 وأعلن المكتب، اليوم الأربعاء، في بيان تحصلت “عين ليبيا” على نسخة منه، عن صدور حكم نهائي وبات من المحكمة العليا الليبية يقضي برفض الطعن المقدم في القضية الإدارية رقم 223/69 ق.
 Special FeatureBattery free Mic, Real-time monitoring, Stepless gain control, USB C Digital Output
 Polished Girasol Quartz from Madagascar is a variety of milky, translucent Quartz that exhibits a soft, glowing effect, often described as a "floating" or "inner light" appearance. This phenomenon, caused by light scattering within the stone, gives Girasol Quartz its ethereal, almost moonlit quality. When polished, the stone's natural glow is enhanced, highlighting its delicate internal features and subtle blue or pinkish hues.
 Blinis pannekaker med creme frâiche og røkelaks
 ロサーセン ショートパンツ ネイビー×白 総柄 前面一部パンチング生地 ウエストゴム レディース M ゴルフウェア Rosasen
********
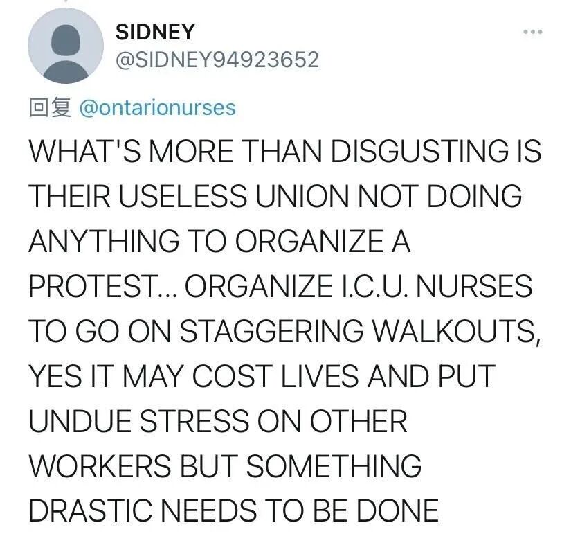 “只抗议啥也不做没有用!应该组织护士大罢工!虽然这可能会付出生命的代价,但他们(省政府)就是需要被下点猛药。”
********
### Task to carry out
For this exercise, output exactly the lines above from the line with "Special FeatureBattery free" to the line with "ロサーセン ショートパンツ ネイビー×白", counting both, and leave out the rest.

### Response to the exercise
 Special FeatureBattery free Mic, Real-time monitoring, Stepless gain control, USB C Digital Output
 Polished Girasol Quartz from Madagascar is a variety of milky, translucent Quartz that exhibits a soft, glowing effect, often described as a "floating" or "inner light" appearance. This phenomenon, caused by light scattering within the stone, gives Girasol Quartz its ethereal, almost moonlit quality. When polished, the stone's natural glow is enhanced, highlighting its delicate internal features and subtle blue or pinkish hues.
 Blinis pannekaker med creme frâiche og røkelaks
 ロサーセン ショートパンツ ネイビー×白 総柄 前面一部パンチング生地 ウエストゴム レディース M ゴルフウェア Rosasen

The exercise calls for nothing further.